As biological systems are highly dynamic, visualization tools to capture the behavior and property changes of such systems and how they evolve over time is a necessity. Approaches that picture how the properties of a system change, currently include parallel coordinates, 3D representations using multi-layered graphs or animations. The effectiveness of the animation-approach is however often very low and limited by human perception capabilities, mainly due to changes in the user’s mental map of the structure. More efficient approaches should be implemented to tackle this problem, as time-series visualization for biology is still a very immature field.
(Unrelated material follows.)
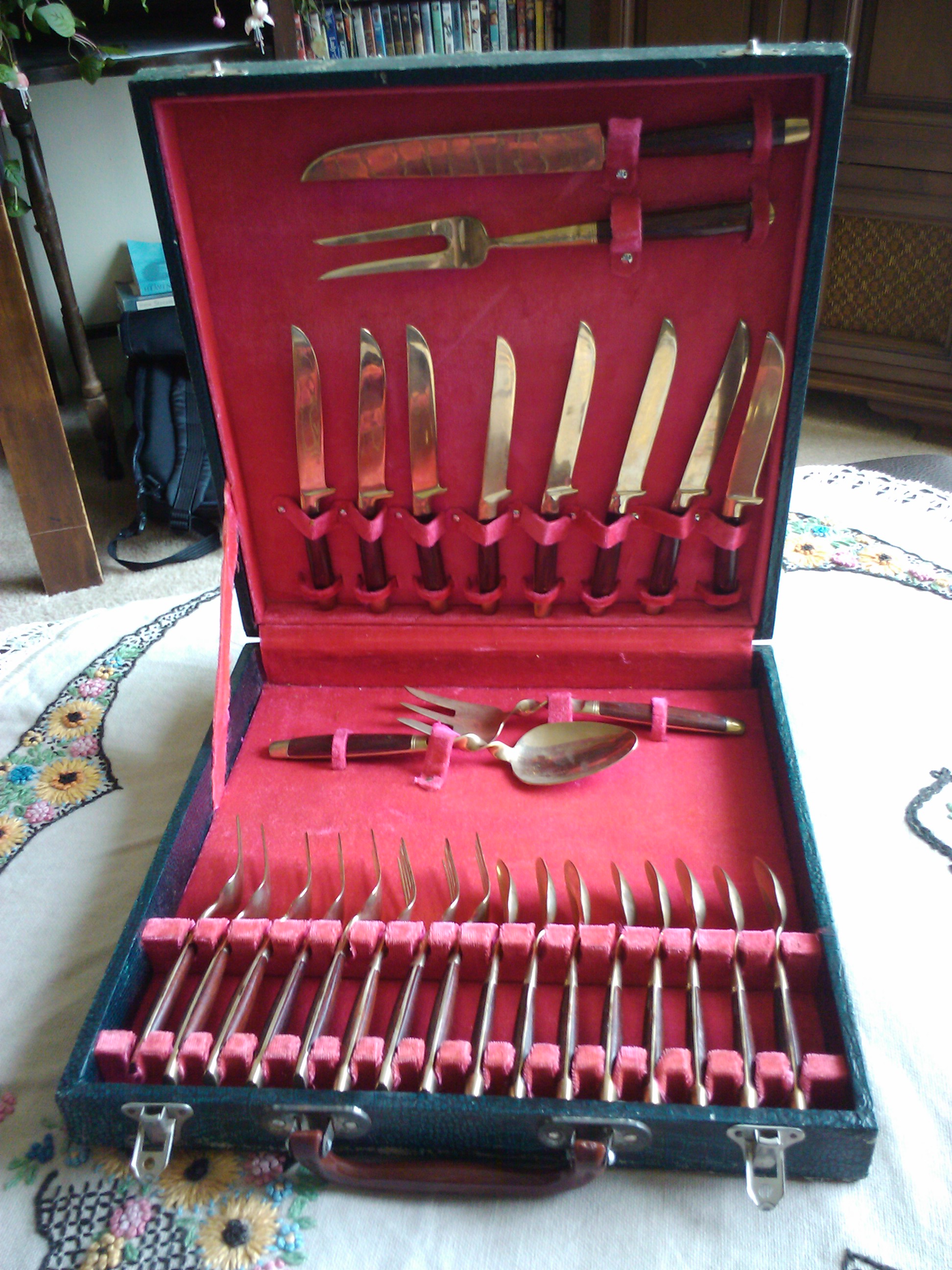 Re: 28 pc Brass/Inlaid Wood Flatware In Storage Box

Finally, an ideal visualization system of the future should be able to track users preferences and learn users behavior while he or she explores specific data types. After training, such a system could guess and suggest possible solutions that anticipate the users preference, something that would minimize the time–cost to solve a problem. SVMs, SOMs, neural networks and other approaches have significantly evolved and can be used as initial steps for such user profiling. Concerning data parameterization, today visual analytics approaches that require human judgment are followed as data properties and results can vary significantly as one changes the parameters of a software or workflow. Automation of such procedures like optimal parameterization finding and profiling still remain a bottleneck.